▸ **Work required**
Your output should be exactly the lines from the one containing "큰 손 언니 염정아 씨가 동생들을 위해 강된장을 만들고 있습니다." through the last line of the listing, and nothing else. Pictures stay out.

▸ **Data extract**
Content starts

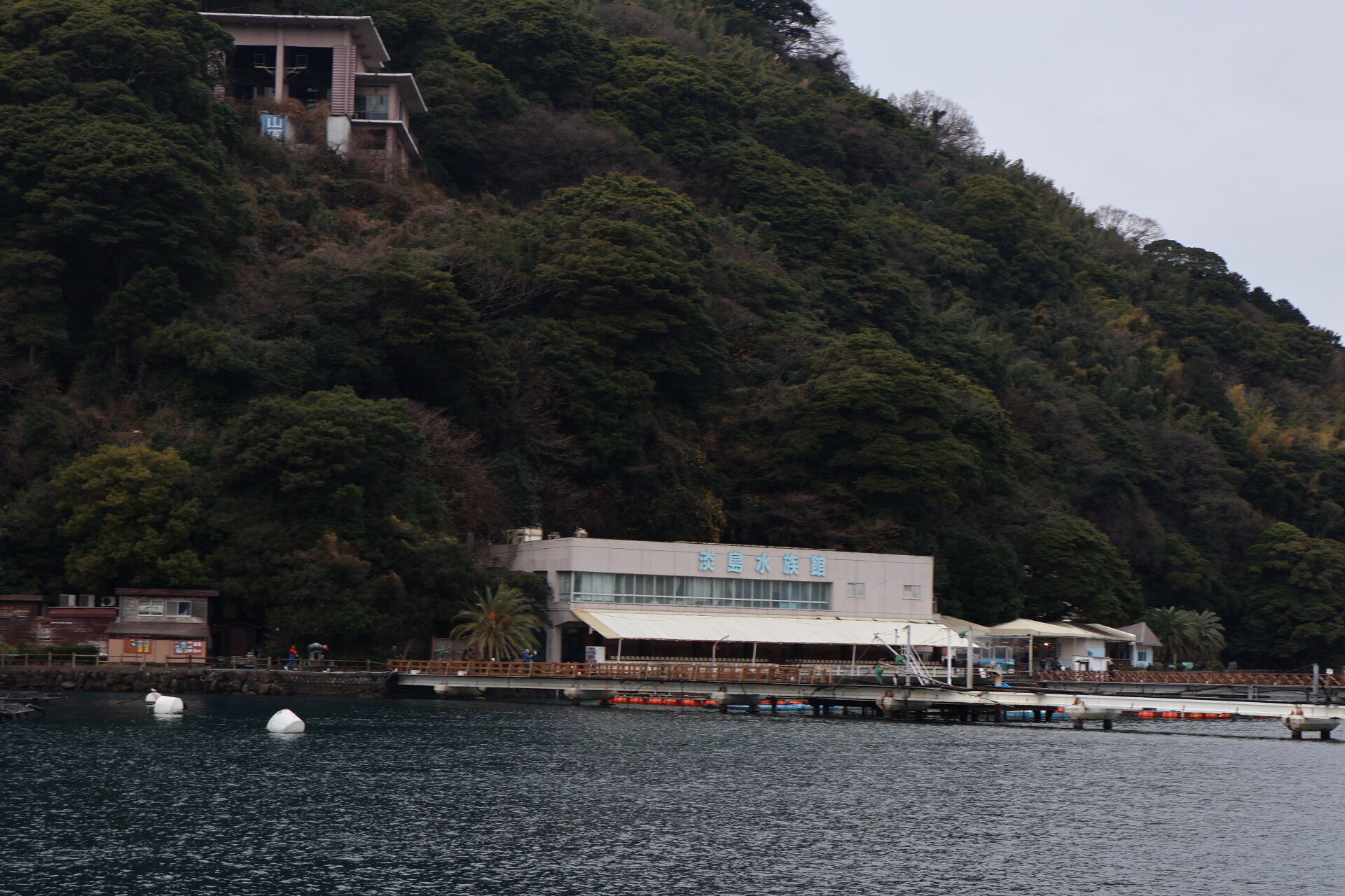 淡島水族館が見えてきます。マリンパークと名がつく前は淡島海洋公園でした。
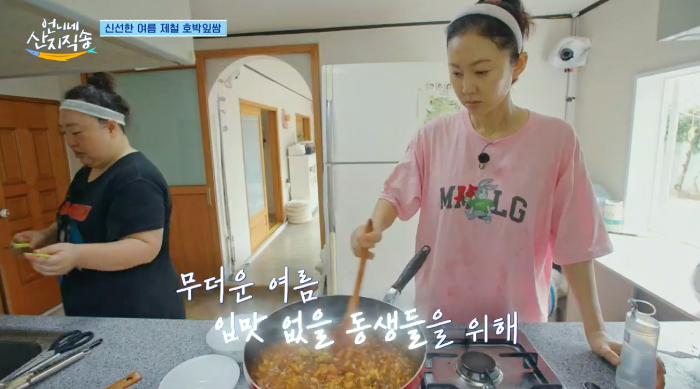 큰 손 언니 염정아 씨가 동생들을 위해 강된장을 만들고 있습니다.
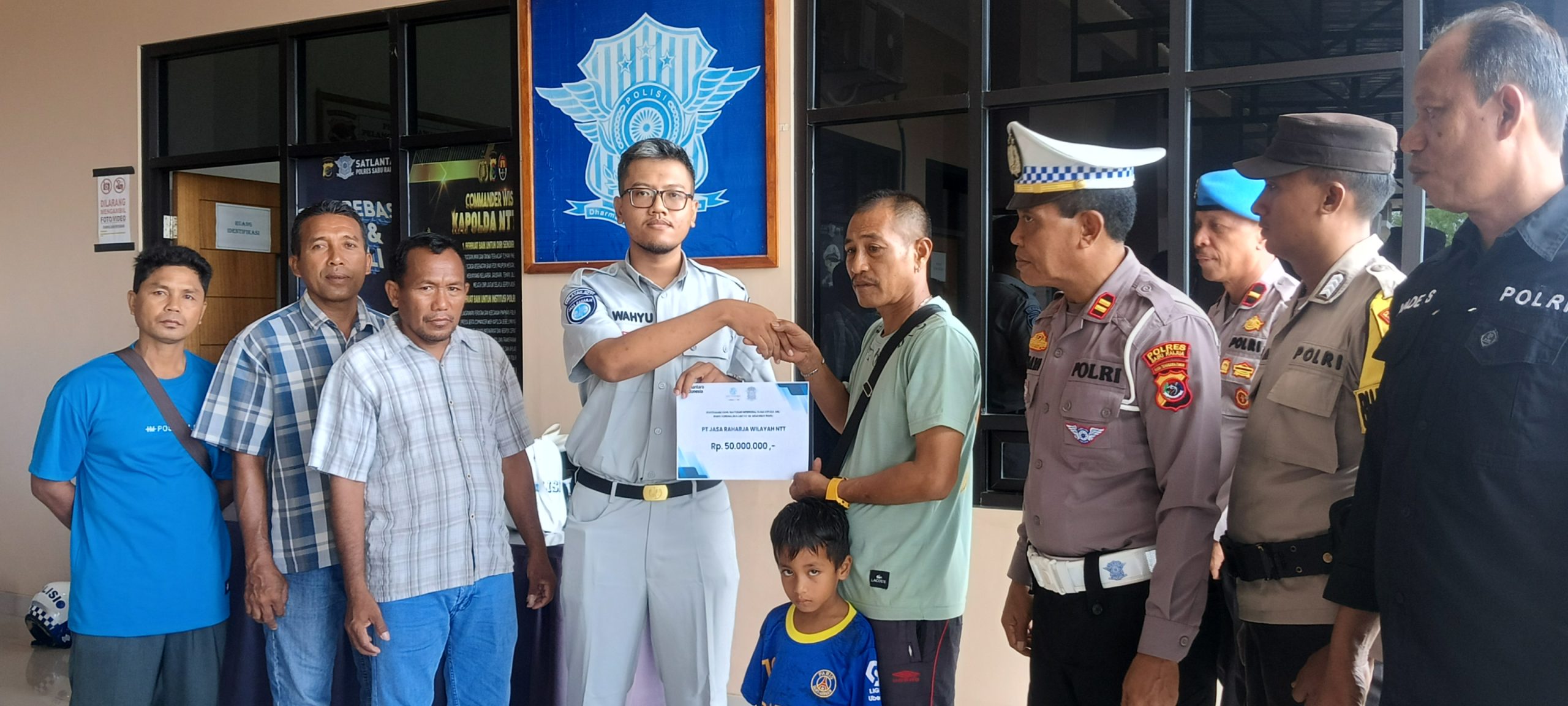 Penyerahan dilakukan di depan ruangan Satlantas Polres Sabu Raijua, disaksikan oleh aparat Desa Menia antara lain Kepala Desa dan Kepala Dusun tempat korban berdomisili, serta personel Propam dan Humas Polres. Santunan sebesar Rp50 juta diberikan kepada suami korban, Melkianus Manu, sebagai penerima hak.

Content ends

▸ **Result**
 큰 손 언니 염정아 씨가 동생들을 위해 강된장을 만들고 있습니다.
 Penyerahan dilakukan di depan ruangan Satlantas Polres Sabu Raijua, disaksikan oleh aparat Desa Menia antara lain Kepala Desa dan Kepala Dusun tempat korban berdomisili, serta personel Propam dan Humas Polres. Santunan sebesar Rp50 juta diberikan kepada suami korban, Melkianus Manu, sebagai penerima hak.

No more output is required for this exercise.